Israel ya era un pueblo de historia milenaria con Patriarcas y Profetas que clamaban para que sus gentes no se separaran de su Dios. En Egipto soñó con una tierra prometida. Más tarde, -580 años a.C.- el desastre nacional más humillante y doloroso de su historia fomentó el nuevo sueño de un Mesías salvador. El mesianismo nace en una desesperación. Pero en la espera de su mesías, la religión se transformó en la mejor tapadera para que unos pocos vivieran a costa de unos muchos. Los opresores vivían de los oprimidos. Los dirigentes utilizaron a Dios para vivir bien. Dios era el mejor aliado de la elite opresora. El cuento de un mesías rey nacionalista provocaba la sorna en las naciones e imperios de la época.

Fue un niño. Un niño de familia marginada. Tan marginada que los que recrearon su nacimiento, inventaron un árbol genealógico en la creencia de que descendería de David.

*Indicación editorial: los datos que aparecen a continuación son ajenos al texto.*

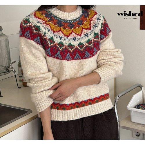 [위시드][시즌오프] 데일리 컬러 노르딕 패턴 울 긴팔 니트 (WIBDNT014)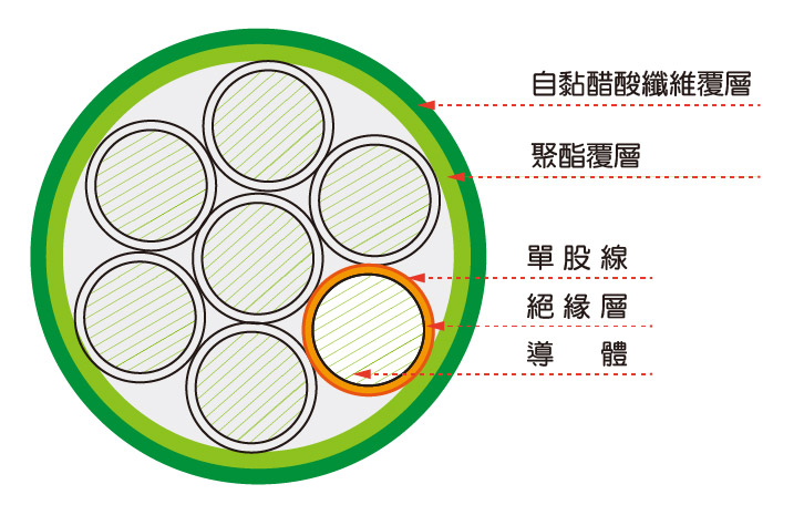 :高頻利茲線包覆天然絲、滌綸絲或尼龍絲能增加機械性能並獲得優異的尺寸穩定性。對機械應力的額外保護、柔韌性高、無需接續。

Pero aquel niño ni venía de David, ni nunca tendría aspiraciones de gobierno. Como todos los que proceden de la marginación oprimida estuvo especialmente cualificado para oler la corrupción de los opresores. Con su vivir y con su pensamiento se enfrentó sin ningún artilugio ni estrategia a cualquier poder que oprimiera al marginado. Ni la Ley (¡La Sagrada Ley!) ni el Templo se libraron de sus diatribas. Porque ni la Ley ni el Templo habían sido concebidos para esclavizar al hombre sino en defensa del hombre.

Lo único cierto de aquella primera Navidad es que todo se fraguó entre pobres y marginados. Una Navidad de marginados para marginados. Desde el primer momento quedó claro que aquel Niño iba a estar siempre entre los oprimidos, marginados y desarraigados. Por eso su mensaje, su vida y sus promesas sólo crecen donde hay desarraigo y marginación. La historia, que es muy terca en sus procedimientos, demuestra que aquel niño hecho hombre, aunque ya está junto al Padre, sigue siendo el Mesías de los pobres, los oprimidos. En medio de ellos comienza todos los días su historia de siempre. Jerusalén sigue sin enterarse.

Sin amigos, ni hay Navidad ni ha nacido en nosotros lo humano. Es triste la Navidad sin turrón o sin pan, pero es más triste sin un amigo cerca. Que no sea todo villancicos y cavas. Aquello que celebramos fue todo en silencio. El silencio alimenta más que el turrón y el langostino. Y no engorda.